To help pass time on a long bus ride, \(35\) math teachers created a sequence of numbers, with each teacher saying one term in the sequence. The first teacher said the number \(2\), the second teacher said the number \(8\), and every teacher after that said the sum of the two previous terms. Thus,
the third teacher said the sum of the first and second terms, which is \(2+8=10\), and
the fourth teacher said the sum of the second and third terms, which is \(8+10=18\).
Once the final teacher said their number, the 25th teacher announced they had made a mistake and their number should have been one more than what they had said. How much larger should the final teacher’s number have been?
Solution 1
We will write out the sequence of numbers the teachers actually said, and then the sequence of numbers they should have said, and then find the difference between the last term in each sequence.

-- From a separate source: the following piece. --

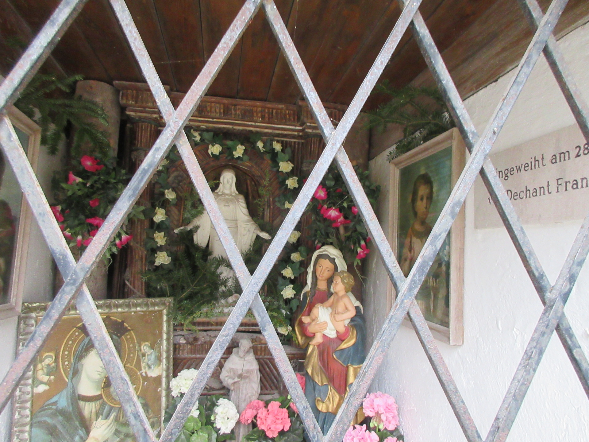 This chapel is made of brick, and has a rounded back. Its furnishings are old. On a wooden “altar table” with embroidered cloth, there is an altar-like structure (all made of barked logs) with a round-arched niche. In the niche is a plaster statue of the Blessing Christ. In front of it is a wooden statue of St. John Nepomuk and two old prints. On the wall there is a stone plaque with the consecration inscription from 1967.
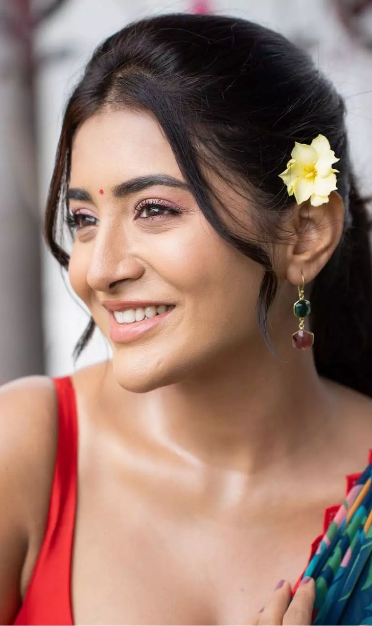 Draped in a colorful saree with a vibrant red blouse, she looks effortlessly stunning.

Here are the first \(24\) numbers that the teachers said:
\(2\), \(8\), \(10\), \(18\), \(28\), \(46\), \(74\), \(120\), \(194\), \(314\), \(508\), \(822\), \(1330\), \(2152\), \(3482\), \(5634\), \(9116\), \(14\,750\), \(23\,866\), \(38\,616\), \(62\,482\), \(101\,098\), \(163\,580\), \(264\,678\)
Here are the correct 25th to 35th numbers that the teachers should have said:
\(428\,258\), \(692\,936\), \(1\,121\,194\), \(1\,814\,130\), \(2\,935\,324\), \(4\,749\,454\), \(7\,684\,778\), \(12\,434\,232\), \(20\,119\,010\), \(32\,553\,242\), \(52\,672\,252\)
Here are the 25th to 35th numbers that the teachers actually said:
\(428\,257\), \(692\,935\), \(1\,121\,192\), \(1\,814\,127\), \(2\,935\,319\), \(4\,749\,446\), \(7\,684\,765\), \(12\,434\,211\), \(20\,118\,976\), \(32\,553\,187\), \(52\,672\,163\)
The difference between the correct and incorrect 35th number is \(52\,672\,252-52\,672\,163=89\). Therefore, the 35th number was off by \(89\), and so the final teacher’s number should have been \(89\) larger than the number they had said.
Solution 2
In this solution we will solve the problem without actually calculating all the terms in the sequence.
We know the 25th term is off by \(1\). Therefore, the next terms will be as follows.
The 26th term will also be off by \(1\) since it equals the sum of the \(24^\textrm{th}\) term (which is unchanged) and the 25th term (which is off by \(1\)).
The 27th term will be off by \(2\) since it is the sum of the 25th term (which is off by \(1\)) and the 26th term (which is off by \(1\)).
The \(28^\textrm{th}\) term will be off by \(3\) since it is the sum of the 26th term (which is off by \(1\)) and the 27th term (which is off by \(2\)).
This pattern will continue on, so we can summarize it in a table.
| Term Number | Amount Below the Correct Value |
|---|---|
| 24 | 0 |
| 25 | 1 |
| 26 | 1 |
| 27 | 2 |
| 28 | 3 |
| 29 | 5 |
| 30 | 8 |
| 31 | 13 |
| 32 | 21 |
| 33 | 34 |
| 34 | 55 |
| 35 | 89 |
Therefore, the 35th term was off by \(89\), and so the final teacher’s number should have been \(89\) larger than the number they had said.
Notice that the terms in the right column of the table follow the same rule as the original question. That is, each term is the sum of the previous two terms.
For Further Thought: The last \(11\) numbers in the right column of the table are the first \(11\) numbers of a famous sequence known as the Fibonacci Sequence. You may wish to investigate the Fibonacci Sequence further.